Repeat verbatim what the listing holds, but not its pictures.

* Data excerpt *

[Start of section]

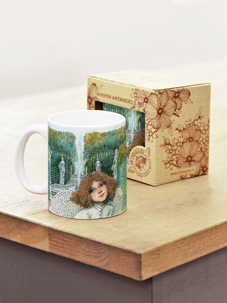 Керамическая кружка с ангелами, в подарочной крафтовой коробочке.
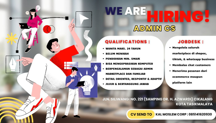 Apakah Anda seorang wanita muda yang teliti, komunikatif, dan mahir mengoperasikan platform marketplace? KAL Moslem Corp saat ini sedang membuka kesempatan karier menarik untuk posisi Admin CS bagi Anda yang berdomisili di Tasikmalaya dan sekitarnya.
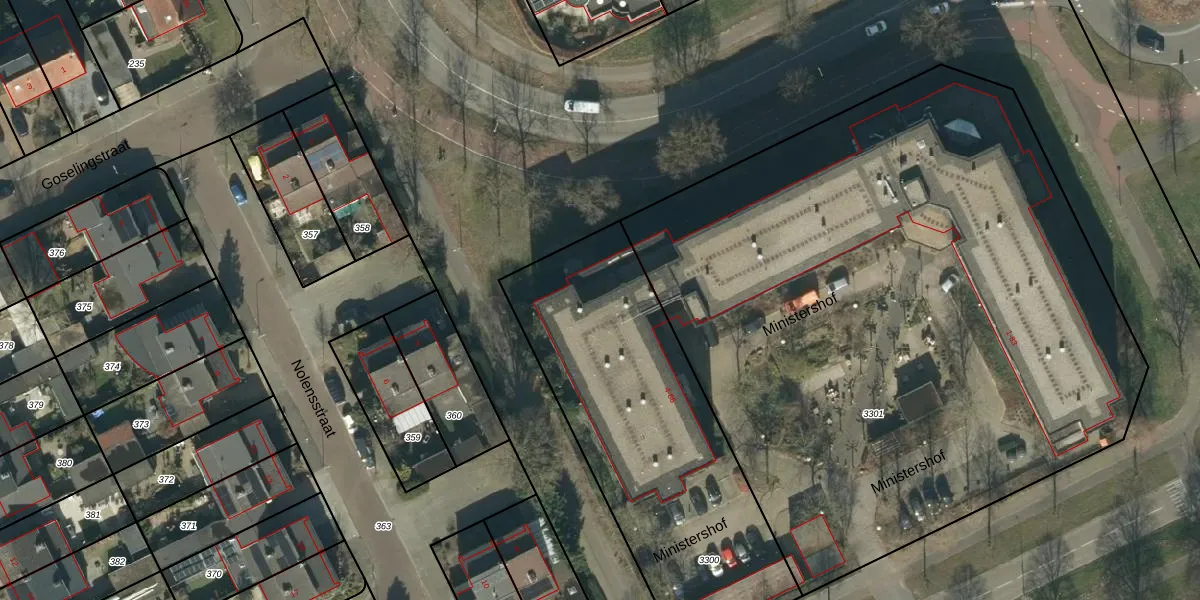 Het perceel waarop Ministershof 74 staat heeft een oppervlakte van 1564 m². Dit is een zeer groot perceel. De perceeloppervlakte wordt geregistreerd door het Kadaster. Gedetailleerde informatie over de maten van dit perceel kunt u vinden in het rapport Kadastrale kaart met maatvoering van Ministershof 74.
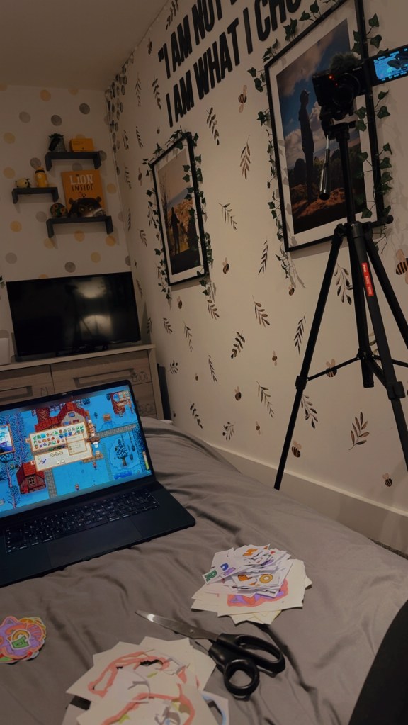 As my meds started to increase more and more, I started to feel a lot more… lousy. But that wasn’t going to stop me from filming my project that I’m correctly working on. I stayed on my bed (the meds make me very dizzy and nauseous) and filmed from there while watching a 5 hour long stream of Stardew Valley from my comfort YouTube channel, James Turner!

[End of section]

* Task response *
 Керамическая кружка с ангелами, в подарочной крафтовой коробочке.
 Apakah Anda seorang wanita muda yang teliti, komunikatif, dan mahir mengoperasikan platform marketplace? KAL Moslem Corp saat ini sedang membuka kesempatan karier menarik untuk posisi Admin CS bagi Anda yang berdomisili di Tasikmalaya dan sekitarnya.
 Het perceel waarop Ministershof 74 staat heeft een oppervlakte van 1564 m². Dit is een zeer groot perceel. De perceeloppervlakte wordt geregistreerd door het Kadaster. Gedetailleerde informatie over de maten van dit perceel kunt u vinden in het rapport Kadastrale kaart met maatvoering van Ministershof 74.
 As my meds started to increase more and more, I started to feel a lot more… lousy. But that wasn’t going to stop me from filming my project that I’m correctly working on. I stayed on my bed (the meds make me very dizzy and nauseous) and filmed from there while watching a 5 hour long stream of Stardew Valley from my comfort YouTube channel, James Turner!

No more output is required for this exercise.